In Germany, Sex Workers Get Special Training To Serve The Disabled

Crossing two taboo topics: prostitution and the sexuality of the physically and mentally handicapped.

Bridging a need?
Bridging a need?
Dietrich Mittler

NUREMBERG - The cozy office of the Kassandra counseling center for sex workers in the southern German state of Bavaria, features one bright red sofa, a large wooden table and pastel-colored painting on the wall. This is usually where men and women who wish to leave the sex industry come in search of training classes to change careers.

But a different kind of training is underway this evening. Seven workers have come to earn their diplomas in "qualified sexual accompaniment and assistance."

Barbel Ahlborn, who heads the Nuremberg counseling center, is proud of the courses that Kassandra developed with Pro Familia, a family planning center. "This is a unique model project for the nation,” she says.

The training has taught sex workers Erika, Birgit, Kai, Elisabeth and Romy, as well as Richard and Kurt (all names have been changed), how they can help disabled people to blossom their sexuality.

The end of the course is celebrated with some sparkling wine, pizza and salad. But participants know that their having a certificate in accompaniment and assistance is not going to change what many people think – because their very line of work, i.e. prostitution, is still taboo.

Even more alienating to many, they believe, is the idea that paid services should be available to those with physical and mental disabilities. Says Romy: "Public opinion will be split – some will welcome this, but the many who have always been against sex workers will say it’s perverse."

Simone Hartmann, deputy head of Pro Familia in Nuremberg doesn’t see things quite so pessimistically. "Today, the sexuality and sexual autonomy of disabled people is no longer a taboo subject, even if it isn’t yet absolutely normal to actually deal with it," she says.

That much was clear at a Munich conference on the sexual and reproductive rights of disabled people, which was held a few months ago. While many heads of facilities for the disabled no longer disagree with the fact that handicapped people have a right to express their sexuality, to publically acknowledge that their establishment allows sex workers to operate in it is an image issue, they say.

Meanwhile there are frequent discussions on Internet forums about the sexuality of the disabled. Can paraplegic men, for example, have sex? And if so, how? In her blog, the female partner of one such man reveals that: "Over time, by learning to caress parts of the body we didn’t use to find erotic, we rediscovered each other in new, more intense, ways."

Prostitution or “sexual accompaniment”?

Erika, who moonlights as a sex worker, says she thinks people have the wrong idea about “sexually accompanying” the disabled. "It’s not always about intercourse, but also touch and tenderness," she points out. She tells the story of her first visit to an old man in a retirement home, an experience she calls one of the very best she’s had as a sex worker because of something he said. When she left, he whispered: "If the others only knew how wild we were being!” And yet: "All we did was dance and touch each other a little."
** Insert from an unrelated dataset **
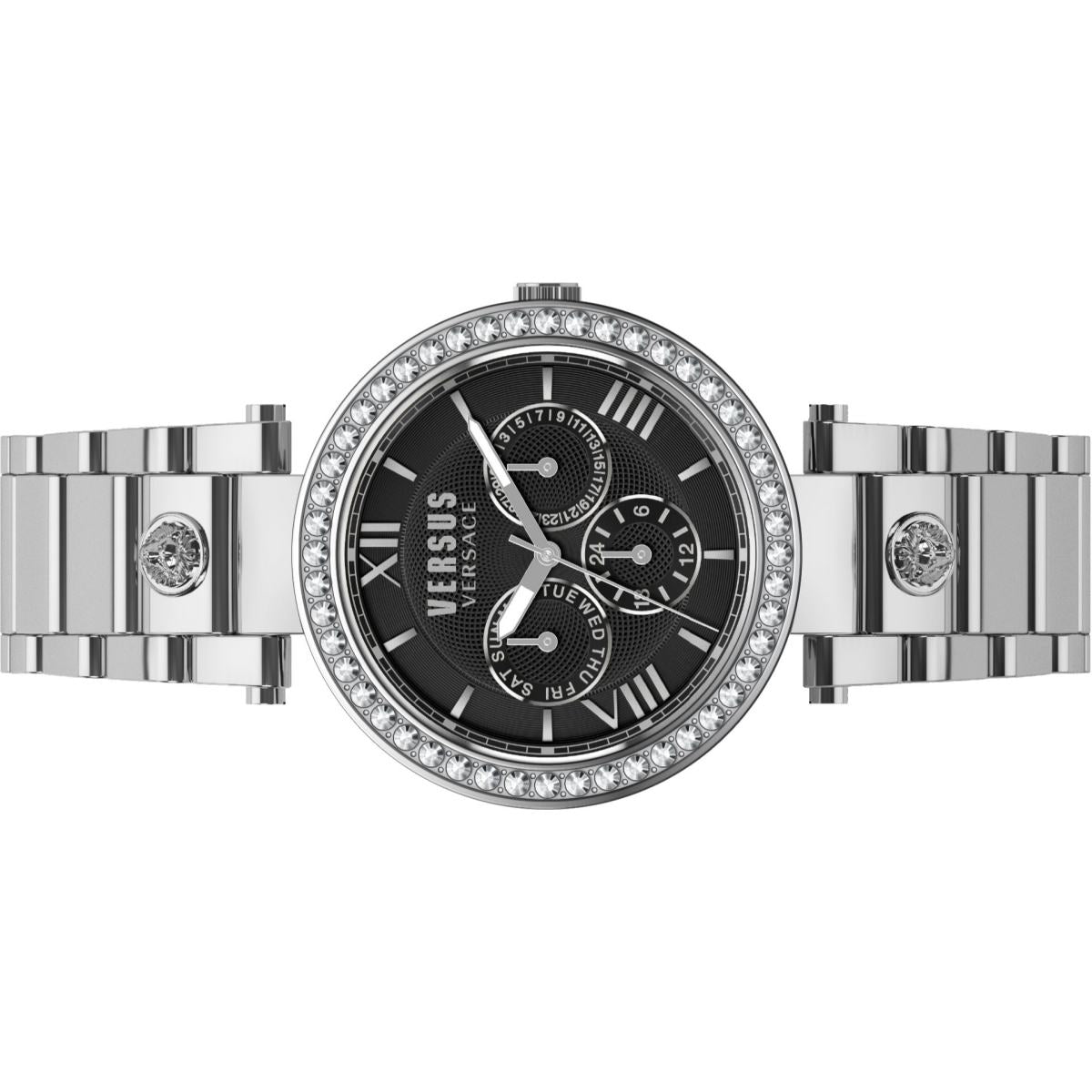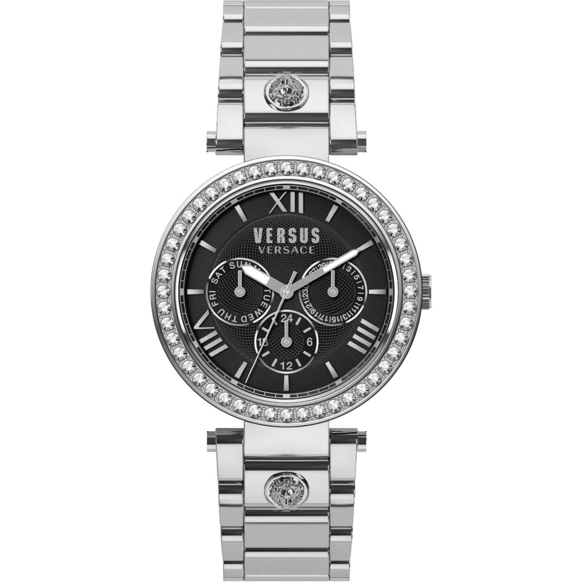 | Zifferblatt: | Analoganzeige, Farbe: schwarz mit Versus by Versace Logo und silberfarbigen Zeiger / Indexe |

Now the Nuremberg native will be providing services to physically and mentally disabled people as well, for which she charges 150 euros. Her partner knows what she does: "He’s a grown man, not a boy, and he knows me and knows I’m not crazy – just a little different from other people.”

Social worker Kurt says that he first became aware of the sexual needs of the disabled from working as a group leader in a facility for the mentally handicapped. "Sexuality is something that must be experienced but these folks don’t have the chance," he says. He doesn’t have concrete ideas about his new line of work yet – "I think a lot of it will be about explaining, helping people learn about their bodies, letting them see and touch a naked man, that kind of stuff,” he says.

Unlike Richard, who only wants to work with female clients, Kurt says he can see himself with men although it would depend on whom. Kurt has grown children. They know about his plans, "and it’s no big deal, they think it’s cool," he says.

But Birgit, a lively slim woman who’s been earning her living as a sex worker for the past 26 years, says that her daughter did not welcome the news when she told her.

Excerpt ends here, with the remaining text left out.